"Reinert!"
He half turned.
"What are your commands, gnädigste Gräfin?"
But the passionate woman's pride and self command had come to an end alike, she had never possessed more than a small share of either. Accustomed to give way to every outbreak of feeling, she sank down on the sofa and burst into a violent fit of weeping.
Eugen heard this, and stopped; he looked back, saw the beautiful tear-wet countenance turned towards him, and the next minute he was by her side.
"You are crying, Gräfin? May I speak to you? Antonie, will you condemn me unheard?"
This time no hard refusal followed his confidential tone. She looked up at him, fighting between love and anger, but Eugen saw that he might now dare to justify himself, and did not hesitate to do so.
"Yes, it is true I am bound, and this bond has become the curse of my life. When I returned to my native town some years ago, I saw once more a young girl, who had been a playfellow of mine. She was an orphan, scarcely beyond childhood, I thought I loved her, and her guardian urged me to declaration--so she became my fiancée. It was a step too hastily taken, but I wore the chain, and would have worn it patiently to the end. Then I came here and saw you, Antonie, and from that moment began the long fearful conflict between duty and passion. I must tear myself away from you, indeed, from every remembrance of you, if I would not succumb to this.

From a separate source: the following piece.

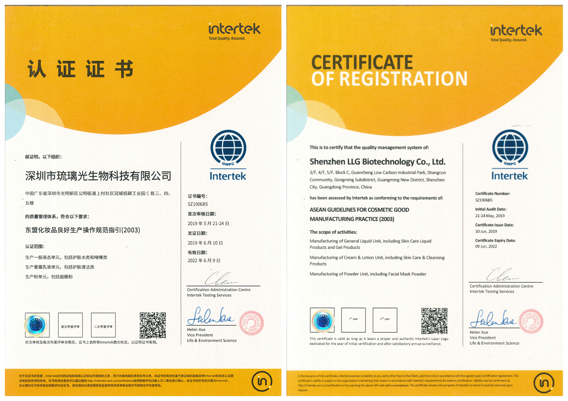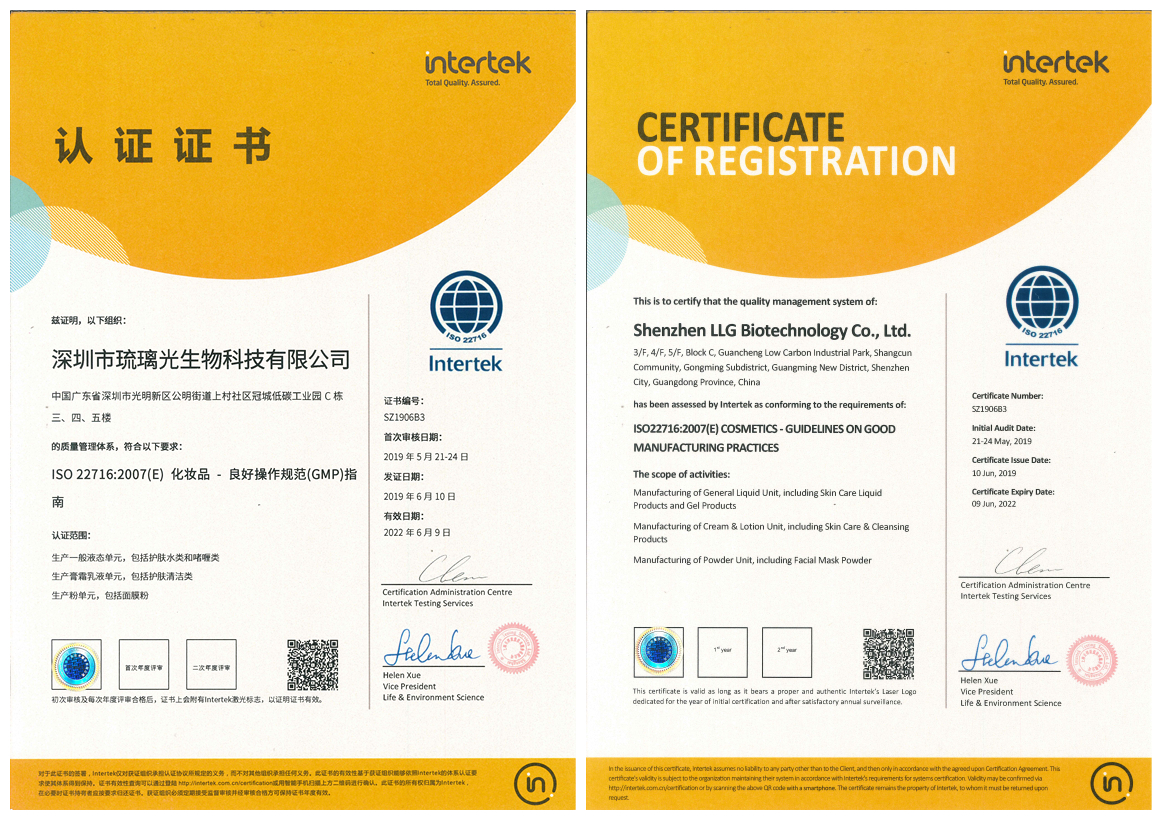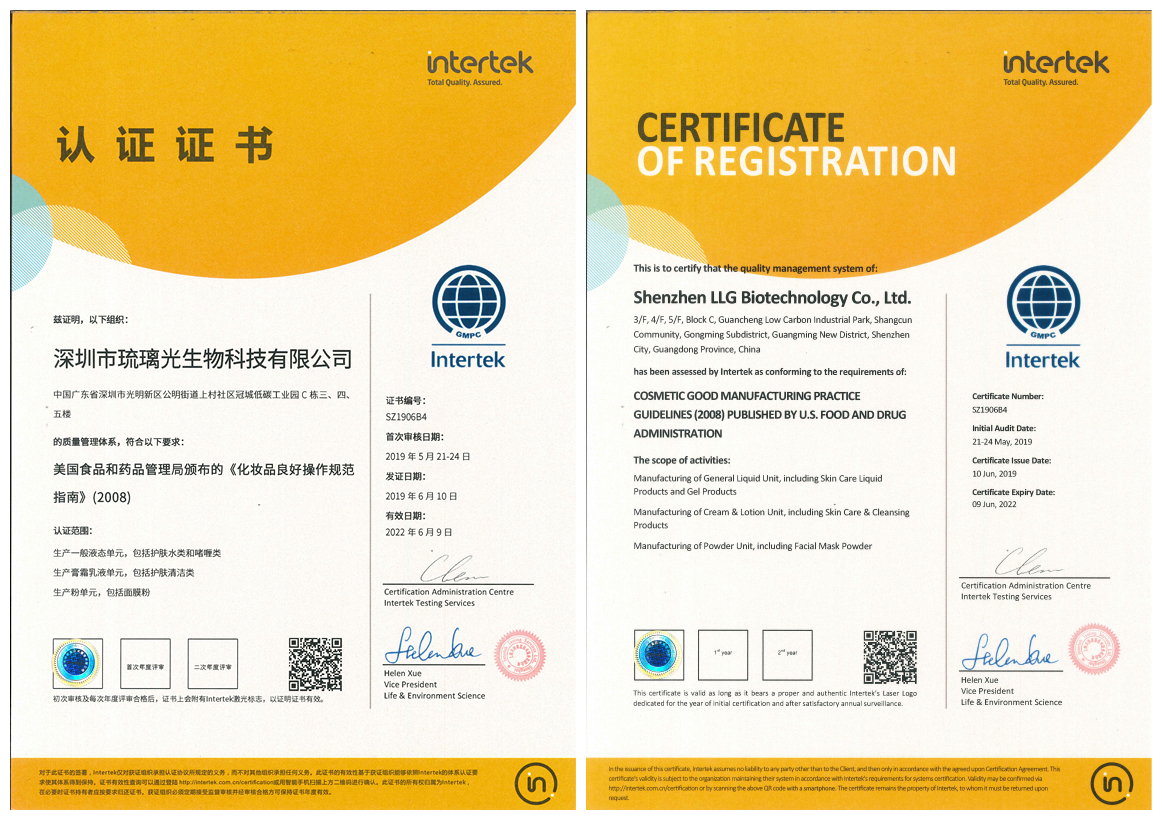 2019年6月,赛因诗婷品牌工厂深圳市琉璃光生物科技有限公司通过 ISO 22716体系认证、美国GMPC体系认证和东盟GMPC体系认证。

Let my talent, let my whole future perish in that narrow confined sphere, let me know despair in an empty, joyless marriage--what is art to me, what, indeed, life itself, if I must renounce you!"
He had spoken with ever rising agitation, and Antonie had ceased weeping, anger had given place to compassion, and, as he concluded, every reproach had perished in the fear of losing the beloved one.
Countess Arnau was not the woman to recognise the claims of an outsider, where she alone would possess all.